You can do other things with feeds, too. I've collated a few of my personal feeds into a Lifestream that updates automatically. It's a very convenient hands-off diary.

Companies like Twitter and Facebook have been trying to figure out if they should monetize feeds. They already inject ads into their main user interfaces (into Facebook's users' walls, and onto the Twitter timeline, for example), but what should they do about the feeds for the same information? So far, they've left feeds alone.

This week, Delicious tried injecting ads into its users' bookmarks feeds. The bookmarks feeds are activity feeds, because they reflect actions that the users have taken. On Delicious, users bookmark sites that they find noteworthy. So these new ads are clearly marked as Sponsored items, because otherwise it would look like everyone suddenly explicitly bookmarked the ad's product.
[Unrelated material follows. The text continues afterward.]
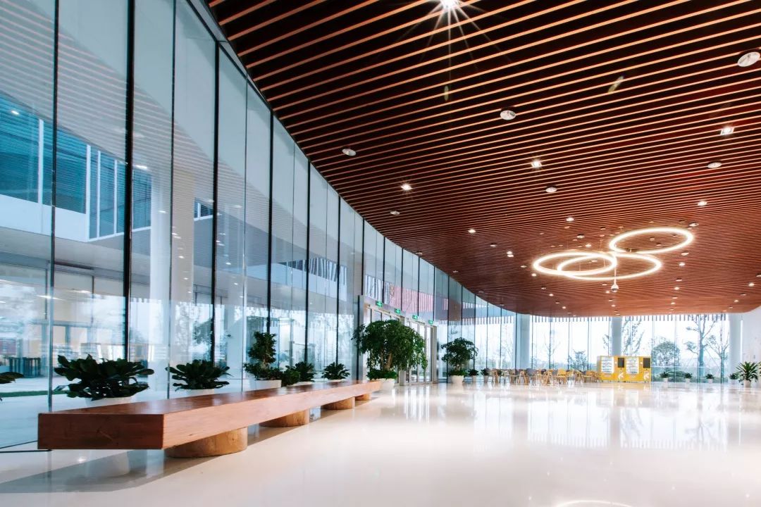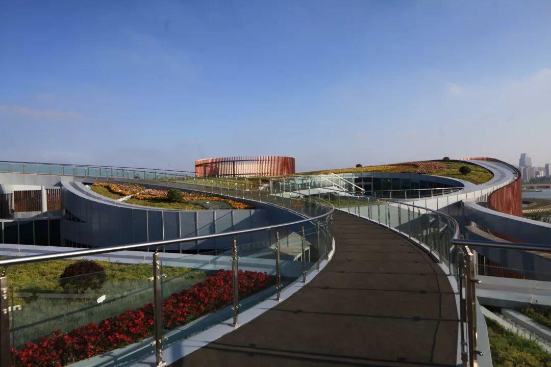 屋頂花園的地形與建築屋頂造型的統一性也為建築的整體性加分不少。屋頂的環形步道可使人們享受360度全方位的湖面景觀。當然,異型的屋頂室內空間也帶來了相當的裝飾工程難度,在各方的共同努力下,室內也達到了一定的空間效果。

That'd be straight up deception.

Still, there are problems with the way that Delicious is embedding ads into their users' activity feeds. To ensure that the ads are at the top of the list, they're always coded with a pubDate ("Published Date") of the current time. This goes against the original intent of these feeds, where each item's pubDate doesn't change if there's no actual change to the item itself. Old ads should get old, too.
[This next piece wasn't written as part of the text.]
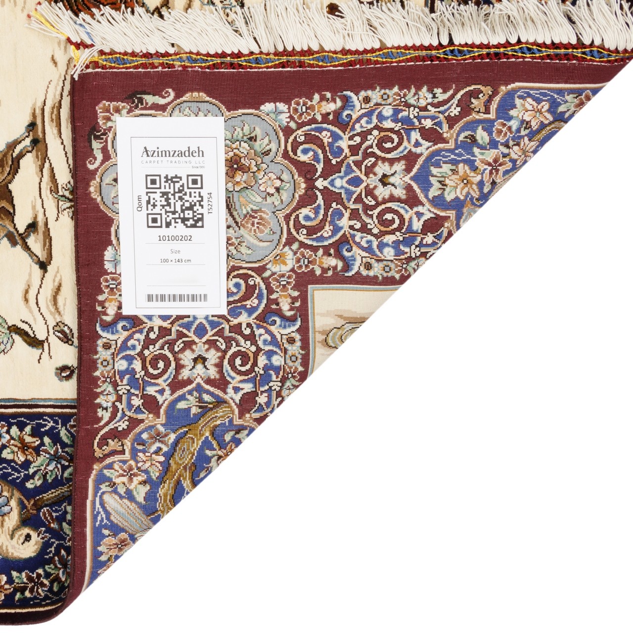 سجادة يدوية ، تصميم كامل، حرير كامل، قم، 100 × 143 سم الكود 10100202

Instead what happens is that every time the feed is fetched, since there's always a "new" item (the same old ad, but with a new, just-now pubDate), is that Delicious can no longer return HTTP code 304, which means, "I'm not providing the feed again, it hasn't changed since the last time you got it."

This is causing Delicious to be slammed with having to deliver full feeds for every request, and for all the clients to have to process what look like brand-new feeds. Beyond that, people who auto-tweet what they bookmark are all inadvertently tweeting ads now.

How did I discover this in the first place? My Lifestream started journalling that I've been repeatedly bookmarking the same ad over and over again.

That's not the way to monetize activity feeds.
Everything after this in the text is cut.